Exercise goal: In the records below, find the line containing "7月のスマイルKOUDA~未" and repeat it and every line after it exactly, without pictures.

══ Extracted entries ══

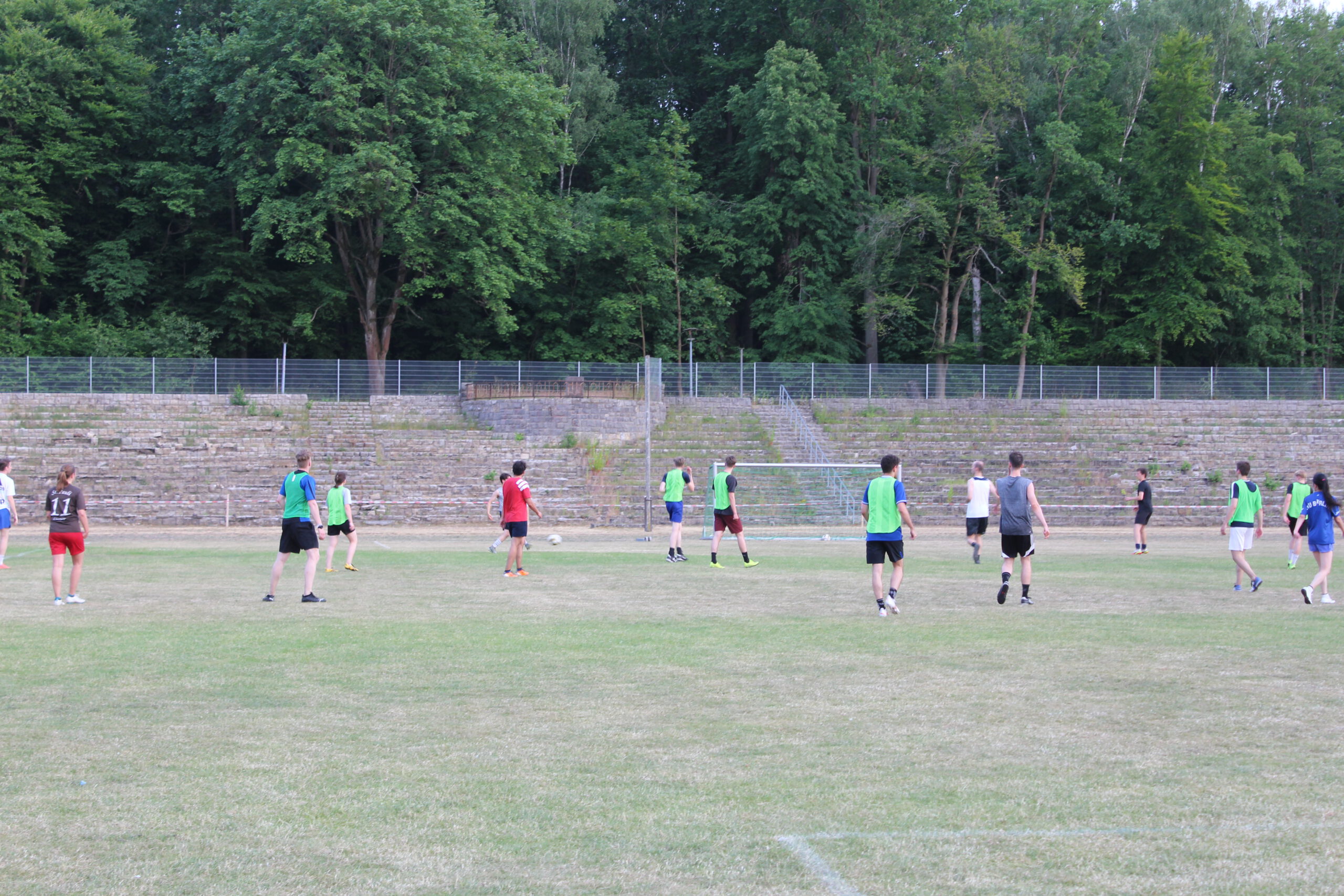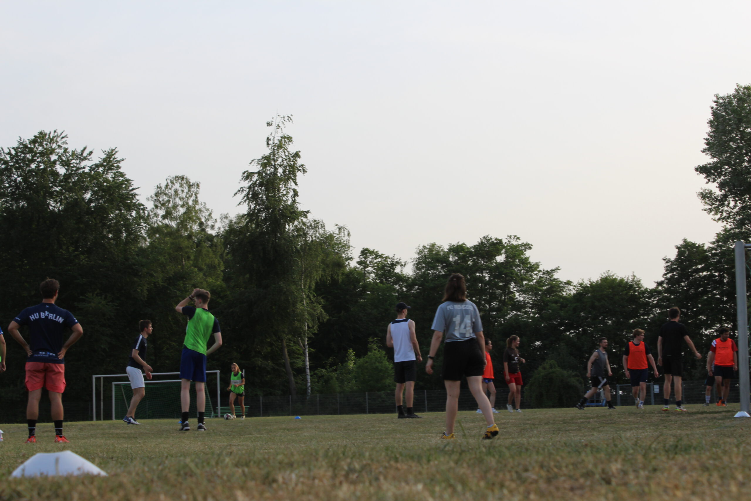 Nach zweijähriger coronabedingter Auszeit war das allererste Trainingslager des Vereins ein voller Erfolg. Von Donnerstag bis Sonntag waren insgesamt über 25 Spielerinnen und Spieler aus den drei Mannschaften des JFK zusammengekommen, um Teamgeist und Spielwitz auf ein neues Level zu bringen. Das Trainerteam hatte ein straffes, aber faires Trainingsprogramm vorbereitet, das sich hoffentlich noch in der kommenden Uni-Liga-Saison auf bemerkbar machen wird. Täglich fanden abwechslungsreiche, intensive und spaßige Übungen und Spiele statt. Neben dem Platz sorgten der erfrischende Werbellinsee sowie Beachvolleyball und Tischtennis für Entspannung und Regeneration. Sogar Yoga wurde als Teamaktivität praktiziert. Ein Tag beinhaltete zudem ein Kleinfeld-Turnier auf einem Fun-Court à la FIFA Volta.
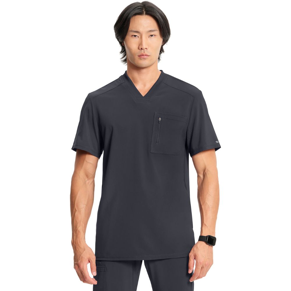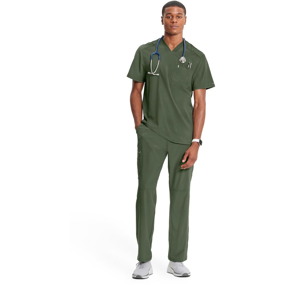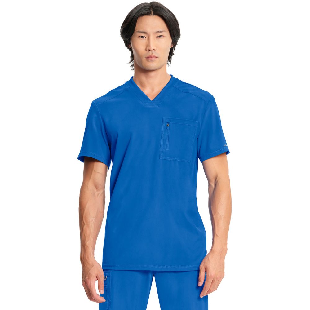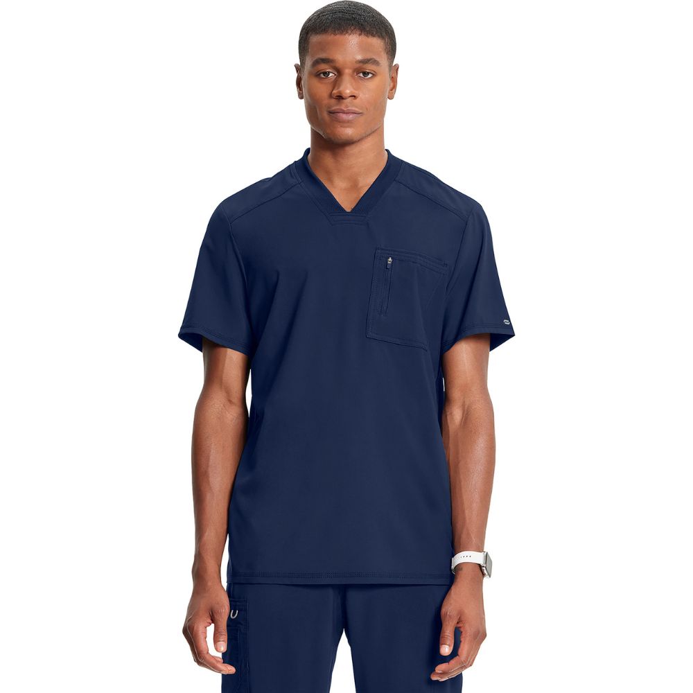 A Men’s Athletic fit V-neck top features a chest pocket with zip closure for security, instrument loop on the left sleeve, front and back yokes with triple-needle topstitching, and stretch rib knit neckband and back panels for extra comfort. Center back length: 29 1/2″. The comfortable stretch poplin fabric and super stretchy rib knit is the perfect combo for healthcare professionals.
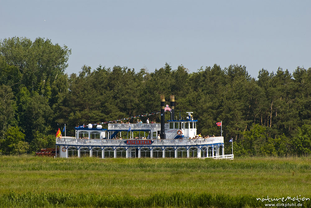 Raddampfer "Riverstar" auf dem Prerowstrom, Raddampfer fährt zwischen Wiesen Richtung Bodden, Prerow, Darß, Zingst, Deutschland
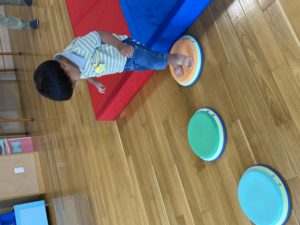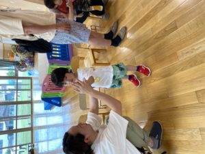 7月のスマイルKOUDA~未就園児教室~は親子でふれあい「運動遊び」でした。2歳児クラスのお友達と一緒に朝の会や、親子でロールマットを使った運動遊びを楽しみました。
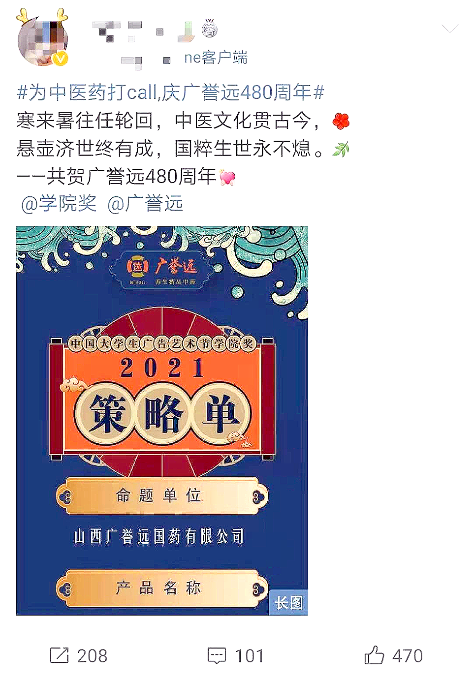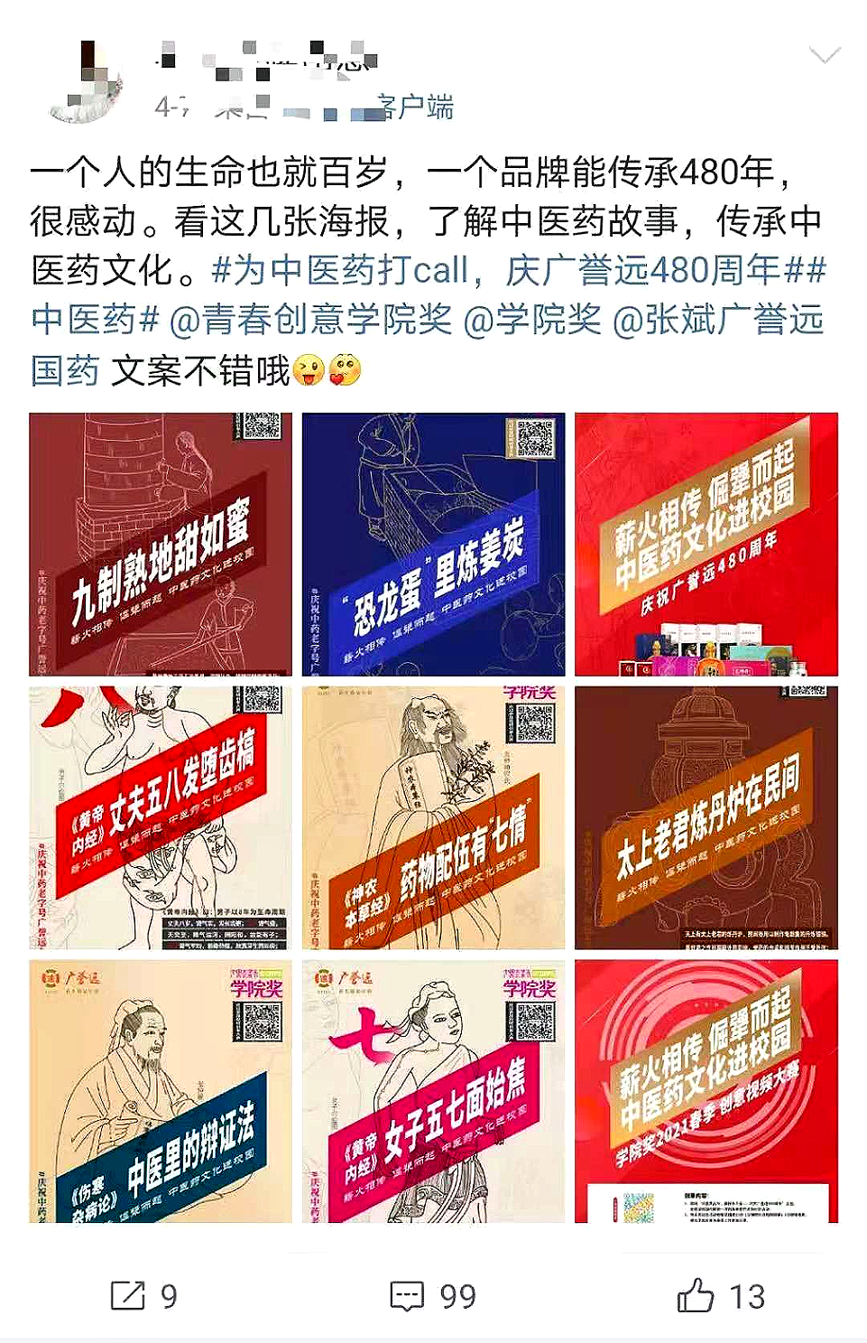 截至5月30日,由大学生发起的微博话题“为中医药打call,庆广誉远480周年”,阅读量已突破1000万人次,引起了社会各界的广泛关注。
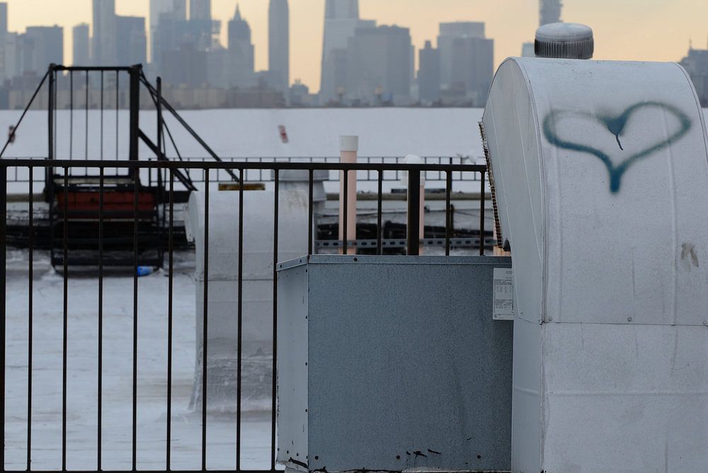 Blick auf Manhattan von einer Dachterrasse in Brooklyn New York.

═══

Reply:
 7月のスマイルKOUDA~未就園児教室~は親子でふれあい「運動遊び」でした。2歳児クラスのお友達と一緒に朝の会や、親子でロールマットを使った運動遊びを楽しみました。
 截至5月30日,由大学生发起的微博话题“为中医药打call,庆广誉远480周年”,阅读量已突破1000万人次,引起了社会各界的广泛关注。
 Blick auf Manhattan von einer Dachterrasse in Brooklyn New York.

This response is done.